The Comfort of ‘Normal’

This very time, last year, there was hope. Hope that the year 2020 will be known for all the bad and it will only get better from there. The change of the calendar year would give a break from the unsavoury present and take us to better times. Covid was only a once-in-a-lifetime phenomenon that would disrupt only a cursed year, right? Well, wrong!

The year 2021 has really proved to be 2020+1. This year can make 2020 look like a rookie in making lives miserable. If nothing, there was some wishful thinking at the end of 2020 that the pandemic would be over and we will get back to the normal. But now, as 2021 ends, we’ve long forgotten all that hope, and created a normal. We’re at Omicron. But this is surely not the end. We may soon exhaust the Greek alphabet, but the mutating virus continues to spread.

All this is what everyone’s going through and my reality is no different from that of others. But, for me, that is not all. There’s a weird sense of both hollowness and satisfaction I feel with where I am in life. It is as if I am waiting for something to happen, not knowing when and what. I tried articulating this to myself and failed. So I’ll save myself the trouble of making an attempt to put it in this written word here.

All I do these days is attend classes at the Academy which try to indoctrinate us with what we must know to be efficient in our career. I often wonder how the State machinery puts up a façade of being all mighty, while not being strong enough to prove it. Despite its public stance of ‘Maximum Governance and Minimum Government’, the State desires to be as powerful as it can be. (Un)fortunately, it cannot be very strong.

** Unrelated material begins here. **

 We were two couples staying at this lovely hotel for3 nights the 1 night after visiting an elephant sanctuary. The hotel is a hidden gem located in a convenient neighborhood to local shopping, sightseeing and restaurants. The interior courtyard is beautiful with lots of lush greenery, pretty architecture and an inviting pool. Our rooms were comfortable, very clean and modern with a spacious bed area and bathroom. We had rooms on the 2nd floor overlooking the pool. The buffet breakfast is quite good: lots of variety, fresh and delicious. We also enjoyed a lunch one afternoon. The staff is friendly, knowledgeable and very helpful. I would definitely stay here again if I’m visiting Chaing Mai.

There is always some incoherence between how powerful the State is and how well it is held accountable. There are some extreme cases: North Korea – where the State imposed a ban on laughter to mourn the 10th death anniversary of their former leader – or Saudi Arabia which stands tall as an autocratic monarchy overliving its time in the era of modern democratic nation-states. It is not that the other countries do not want to be a North Korea or Saudi Arabia. It is simply their inability that halts them from becoming the Big Brother they all desire to be.

The Indian case is of being neither here nor there. For those outside the Government, any public official may look as wielding too much power with too less accountability. But for those inside the Government, there is a gulf between how they are perceived by the people outside and the actual power they command. These officials are held back by their shackles and the threat that they may display against common citizenry is stronger than what it would be if such threat is realised. This power is only strong enough to tackle the weak. When it has to confront those with considerable economic or social capital, it falters.

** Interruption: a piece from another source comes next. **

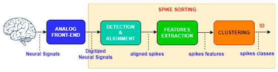 This processing chain is replicated many times to achieve a multichannel acquisition system, which is essential for monitoring several neurons belonging to different brain regions. The information acquired through such neural microsystems can be used for the prevention and treatment of many neurological diseases (such as epilepsy or Parkinson’s) and in the so-called brain–machine–interfaces (BMI) [5,6]. Therefore, the system is composed of a network of MEMS sensors which are devoted to the acquisition of neural signals, known as “action potentials” or “spikes”, for the realization of implantable multi-electrodes arrays (MEA). Then, the acquired very weak neural signals, with amplitudes in the order of 10 µV to 100 µV, are amplified and filtered before the A/D conversion process takes place because different cellular mechanisms are responsible for different frequency components of the recorded signals, as mentioned above. This chain is usually replicated several times in order to obtain a multi-channel system able to monitor wide brain regions and collect information from a high number of neurons. Communications between neurons happen through the aforementioned spike signals. Each microelectrode captures neural activity from multiple surrounding neurons. These extracellular recordings are called multi-unit activities because they involve spikes from different source neurons and are useful only in specific cases. However, several applications, ranging from clinical diagnostic and medical technology to BMI, which are used to control external devices such as neural robotic prosthesis and so on, require single-unit activity, that is, classification of spikes based on source neurons from which they were emitted. The process of classifying spikes with the corresponding source neurons, namely, the process of separating multi-unit activity into groups of single-unit activity, is called “spike sorting”, and it consists of three main phases: “Detection and Alignment”, “Features Extraction”, and “Clustering” [7,8,9,10,11,12].

It is here that I find myself wear this façade. Although the Judiciary is independent and autonomous as an organ, the internal hierarchical accountability is severe. But the higher you move in the hierarchy, the more disproportionately the autonomy widens. The fact that the Impeachment Articles of the Constitution have not once been used successfully against a High Court or Supreme Court judge speaks volumes. However, this is not the immunity a ‘subordinate court’ judge enjoys.

The case of lower judiciary is one of too much accountability. It requires some impossible balancing between the expectations of the High Court, the Bar, and the Parties that appear before us. Since you cannot make everyone happy, you are bound to be in the bad books of at least some. How powerful these some are will determine how well you do in your career. While you are juggling with all the stakeholders with ostensibly opposing interests, the room for you to take more initiative becomes narrow. You may become apprehensive to pro-actively do something, lest your good intentions are mistaken as means to some iniquitous ends. If at all this happens, you may reserve yourself only to do the time and do sufficiently enough not to be questioned on laxity. When questioned, all you need to find is an alibi for non-performance.